Wednesday, 1 February 2012

TARGET MARKET AND VISITOR PROFILES!


All though i have tried direct telephone and email contact with both events i have yet to find solid target marketing for both events......but i have some info on the partner exhibition of the I.O.E.X, C.O.N.F.E.X.
CONFEX which is the bigger and older  sister of IOEX does have a visitor profile available on there site.
The information below states that......

International Confex 2011 welcomed attendees of the highest quality from companies including American Express, AstraZeneca, Bayer Schering Pharma, BBC, Cadbury, Coca Cola Enterprises, Deloitte, Deutsche Bank, EDF Energy, E.ON, Ernst & Young, GlaxoSmithKline, Goldman Sachs, Google, Guardian Media Group, Gucci, John Lewis, KPMG, Microsoft, NATO, Novartis, Shell International, Sony Europe, The FA, Unilever, Virgin and Vodafone

1 in 3 visitors’ companies spend more than £½m on events.
89% sourced new products/suppliers they would not have considered/purchased previously.
75% of Confex visitors approve, recommend or influence purchasing decisions.


All though the CONFEX is the larger event these stats relate and resemble the IOEX as both of these events are joined at the hip and are advertised on a mutual basis. I will find more information on on target marketing for IOEX as time goes on.

What is clear is that the IOEX is aimed at businesses of the outdoor event nature and with that in mind the target market would be the mid 30s to 45 year old event equipment and logistical purchase managers and CEO' S and directors of event, promotion and festival businesses.

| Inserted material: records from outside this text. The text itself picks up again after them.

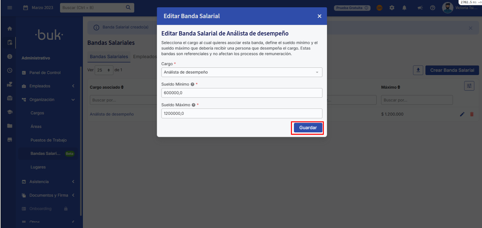 - Máximo: ingresa el monto máximo de la banda salarial para ese cargo.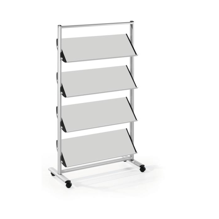 Vysoko kvalitný elegantný a pevný mobilný prezentačný stojan na časopisy alebo katalógy formátu A4. Stojan je dodávaný v rozloženom tvare. Materiál kov. Farba svetlosivá/-čierna. Štyri police s možnosťou fixácie v 3 sklonoch na max. 12×A4 formátov.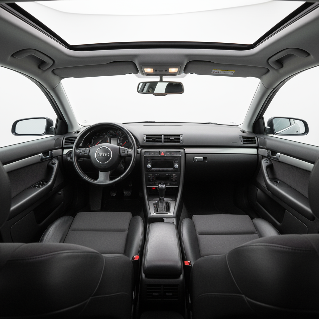 El diseño del Audi A4 B6 es una obra maestra de proporciones y pureza de líneas. Es un coche que envejece con una dignidad excepcional, luciendo tan relevante hoy como el día que salió del concesionario. El paquete S Line acentúa su carácter atlético sin romper su elegancia innata, con paragolpes más agresivos y unas llantas de 17 pulgadas que llenan perfectamente los pasos de rueda. Por dentro, te recibe un santuario de calidad. Materiales nobles, ajustes milimétricos y una ergonomía perfecta crean una atmósfera donde cada viaje se convierte en un placer.

Information taken from other companies talking about the I.O.E.X in a public relations sense, are all event industry based press like the event magazine and the main event magazine. This really gives conviction to my claims of the target market being event end entertainment industry specialists and professionals.

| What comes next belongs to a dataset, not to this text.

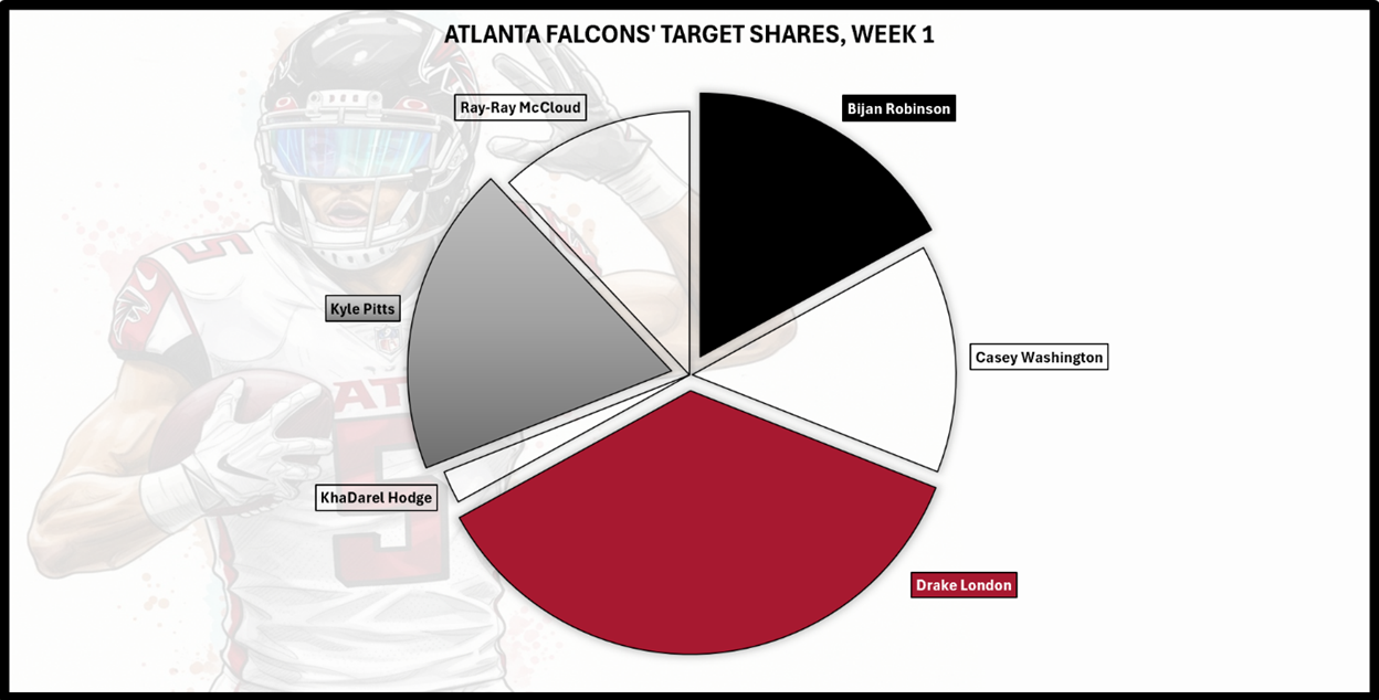 Last week, WR Drake London was targeted 15 times (1st), recording a 36% market share (8th). TE Kyle Pitts showed signs of life with a 19% share. WR Darnell Mooney didn’t play, but he has been cleared for Week 2. Expect him to siphon everything WR Casey Washington had last week and more; Washington had 44 routes and a 93.6% route participation, which led the team (he's out this week with a concussion, regardless). London also had a late shoulder injury in Week 1 and had limited practice this week, but he carries no injury designation into Sunday night’s game.

Hyper Hyper japan, that's right Britain's major Japanese culture show is a shop till you drop all in one art, food, culture and Japanese culture overload.

With so much on offer, the target market and demographics are varied and should be broken down into segments for research. No full media kit or visitor profile available on the website means i have taken to contacting the organisers for more info.

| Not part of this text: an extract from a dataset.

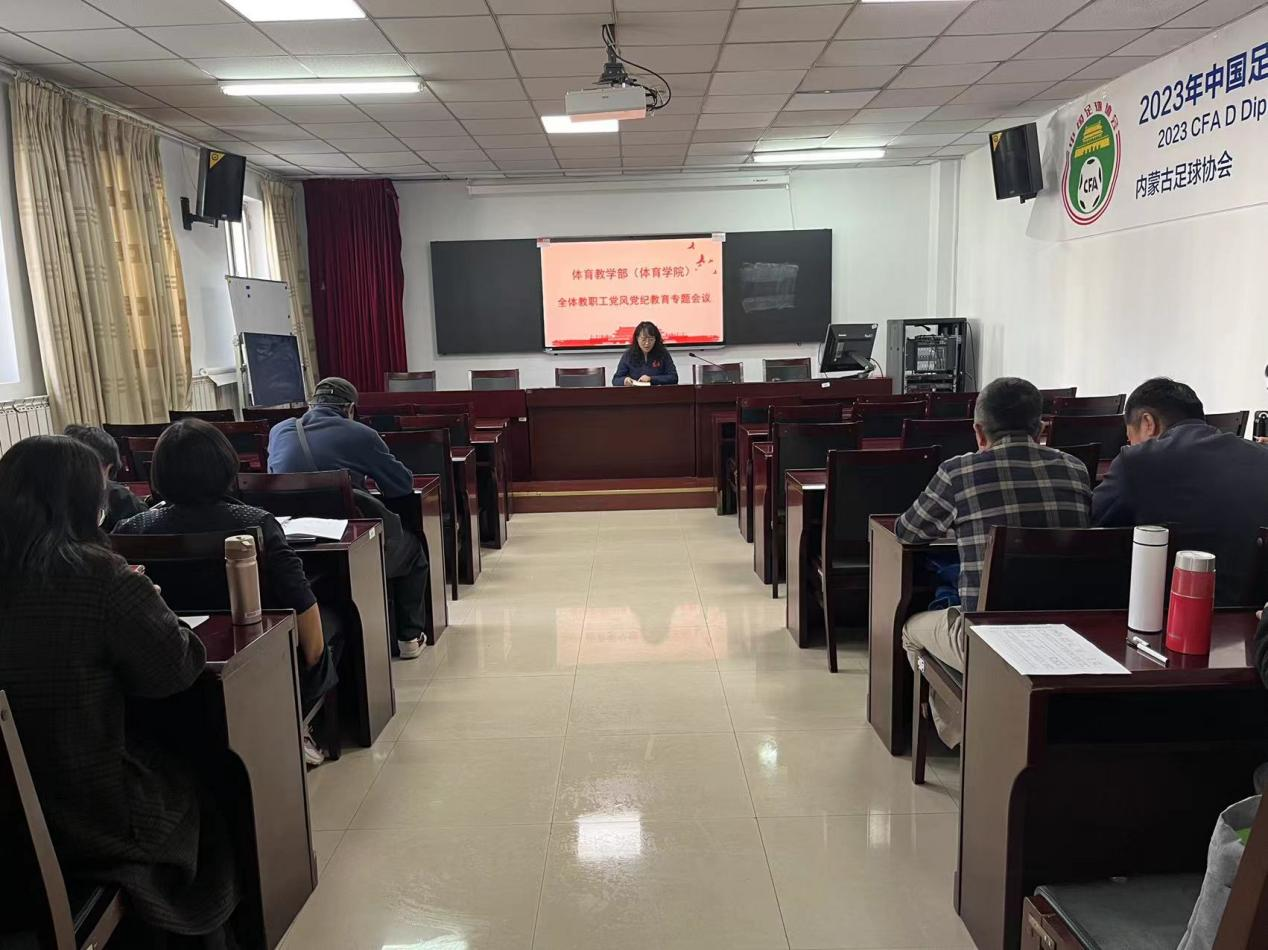 2023年11月2日,伟德国际1946官方网在体育馆二楼多媒体教室组织召开全体教职工党风党纪教育专题会议,会议由学院党委副书记武淑琴主持。

There is a lot on offer and this means a varied group of visitors, Video games and Aime film for the younger in mind followed by sushi which is loved by all. The sake awards are being held on the Friday of the event.

By viewing this video of the 2010 Hyper Japan event you get a real feel of whats on offer and more importantly who is attending and what the Hyper Japans target market and visitor profile could possibly be for the 2012 event.
The video shows a larger number of younger visitors mainly aged between 16 and 25 looking more populated by the late teen groups. With so much at the event being based around computer games and anime film there is a massive pull towards the younger crowd. Even though there are older visitors to the event it seems that the target market for the event is the 18-30 age range and within that group there is varied mix of male and female dependant on what is on offer on each day of the event.

For both events i could not find any solid research information on the Mintel research database and so went looking further a field for potential secondary research information. But to no avail, the truth is that i could not find any solid research information that directly related to either or both of my events. Any information that i did locate seemed to have to much of a tedious link to it in the sense of research information or was to much of a broad answer to relate to my two chosen exhibitions.

I did find some information that pointed towards the current climate and how exhibitions may be affected. have a look at this.   

RESEARCH: VOLATILE TIMES
posted on: 27/6/2011 09:39:15

Man looking
Industry veteran Phil Soar analyses The Facts 2011 research from Vivid Interface to judge the exhibition community’s health and volatility.

Geoffrey Dixon and the Vivid Interface team are to be congratulated on producing The Facts 2011 about the exhibition industry so quickly and in the face of some confusion and volatility in our market.
The main findings are that trade shows exhibited a slight decline in attendance of 1.4 per cent year-on-year and like-for-like (i.e. comparing the same events) between 2009 and 2010, while consumer shows declined 3.6 per cent. It is consumer shows which are bearing the brunt of falling attendances – if we look simply at the median (i.e. the ‘typical’) public events over the five-year period from 2006 to 2010, then it has lost 22 per cent of its attendance in that time.
Weighing up the numbers
There is no disguising the difficulty of analysing the information we have available. We recognise some 800 credible exhibitions in the UK but the number that report audited attendance figures has declined in recent years to less than 500 annually. This means we are rarely comparing the same number sets. This incoherence is best illustrated in TABLE A. This is a very raw analysis – it simply takes all the shows that reported in each year and works out the average attendance across all events. As can be seen, the crude, highly non-statistically valid result is that average attendances at UK exhibitions appear to have fallen by half over a six-year period.




As i could not find any solid target market information I am basing my target market audience profiling for the Hyper Japan event on observations taken by myself on visiting the event.